Wrzosek oburzona na policję. Dostała szybką odpowiedź

Wrzosek oburzona na policję. Dostała szybką odpowiedź

Dodano: 
Były minister sprawiedliwości, poseł PiS Zbigniew Ziobro (P) oraz dziennikarz Michał Rachoń
Były minister sprawiedliwości, poseł PiS Zbigniew Ziobro (P) oraz dziennikarz Michał Rachoń Źródło: PAP / Rafał Guz
Prokurator Ewa Wrzosek jest oburzona postawą policji, której nie udało się z samego rana w piątek zatrzymać Zbigniewa Ziobry.

"Dało radę zatrzymać Kamińskiego i Wąsika w pałacu prezydenckim i doprowadzić do zakładu karnego. Nie dało rady zatrzymać Ziobrę w domu i doprowadzić do budynku sejmowego. Dlaczego?" – pyta z oburzeniem prokurator Ewa Wrzosek.

Prokurator szybko odpowiedziała policja. "Wobec wskazanych przez Panią osób był wydany nakaz ich zatrzymania i doprowadzenia do jednostki penitencjarnej celem odbycia zasądzonej kary pozbawienia wolności. Były to osoby skazane wyrokiem sądu" – wskazano.

W komunikacie podano, że "wobec pana Z. Ziobry wydane jest postanowienie sądu, obligujące Policję jedynie do doprowadzenia jako ŚWIADKA. W tym zakresie przepisy są jasne i dają Policji możliwość działania wyłącznie w zakresie czynności administracyjno-porządkowych. Zapewniamy, że będziemy działali zgodnie z obowiązującym stanem prawnym. Dla Policji nie ma znaczenia medialny charakter sprawy".

Ziobro w siedzibie TV Republika

Od rana w piątek policja prowadzi działania zmierzające do zatrzymać polityka, aby doprowadzić go siłowo przed sejmową komisję śledczą ds. Pegasusa. Zgodę na zatrzymanie i przymusowe doprowadzenie byłego szefa MS przed komisję wydał w tym tygodniu warszawski Sąd Okręgowy. Rano funkcjonariusze pojawili się przed domem polityka w Jeruzalu oraz przed mieszkaniem w Warszawie, jednak nie znaleźli tam Zbigniewa Ziobry.
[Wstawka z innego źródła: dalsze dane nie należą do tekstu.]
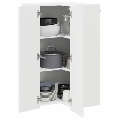 ManoManoGeneral description The Wooden Kitchen Wall Cabinet perfectly combines modern aesthetics with practicality in your kitchen space. Designed to elevate both functionality and style, it features a sophisticated silhouette characterized by clean lines and minimal ornamentation. This wall-mounted cabinet is ideal for organizing and storing various kitchen items, providing a convenient storage solution while enhancing the overall appearance of your culinary environment. Technical specifications Material: Engineered wood Overall dimensions: 57 x 57 x 100 cm (L x W x H) Weight: 27.71 kg Colour: White With 2 shelves Frame material: Engineered wood Indoor use only Assembly required: Yes EAN: 8721359460360 SKU: 885165 Brand: vidaXL Care Instructions Maintaining the cabinet is straightforward; simply wipe it down with a damp cloth to remove daily dust and spills. There's no need for harsh chemicals, which means keeping the cabinet clean is quick and hassle-free. Regular care keeps it looking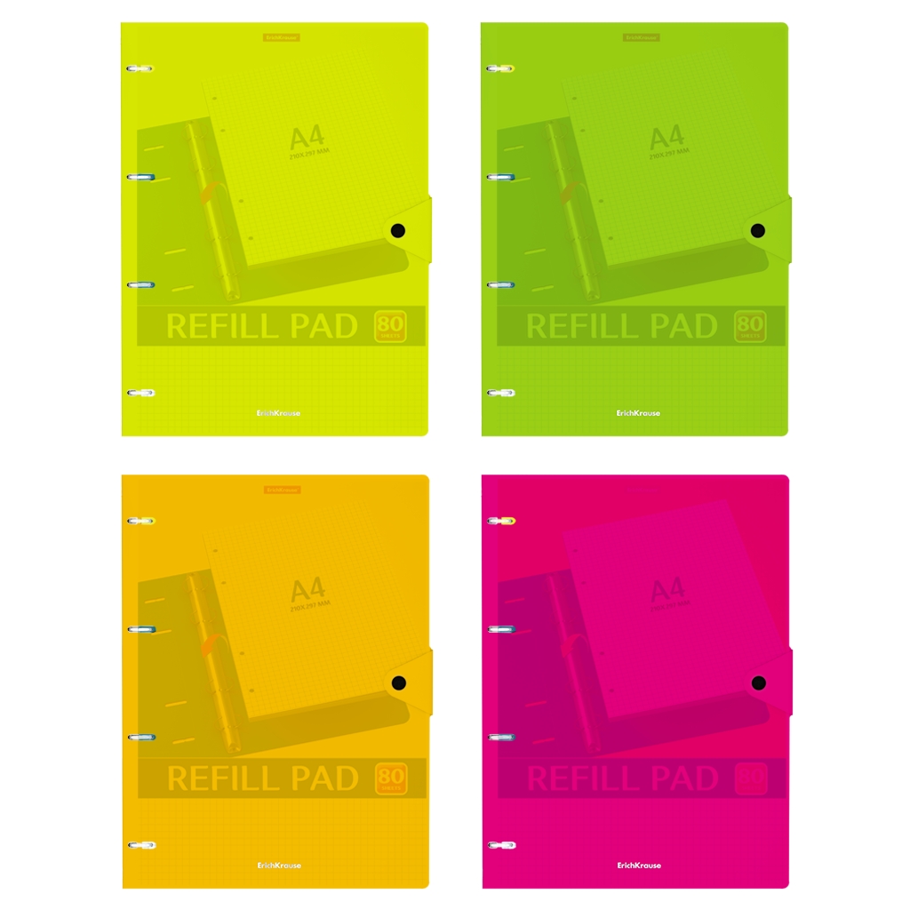 Тетрадь общая с пластиковой обложкой на кольцах Erich Krause Neon, ассорти, А4, 80 листов, клетка, на кнопке

Tymczasem polityk pojawił się w Telewizji Republika. – Przyjechałem do Warszawy, korzystając z Państwa gościnności. Jeśli policja chce wykonywać obowiązki, ja szanuję policjantów, jeżeli jest taka decyzja, to proszę, żebyście Państwo wpuścili panów policjantów. Ja poinformuję, że decyzja sądu jest nielegalna. Rozumiem, że panowie wykonują pracę, nie blokujmy im – powiedział Zbigniew Ziobro, który przebywał w studiu telewizyjnym z prowadzącym Michałem Rachoniem.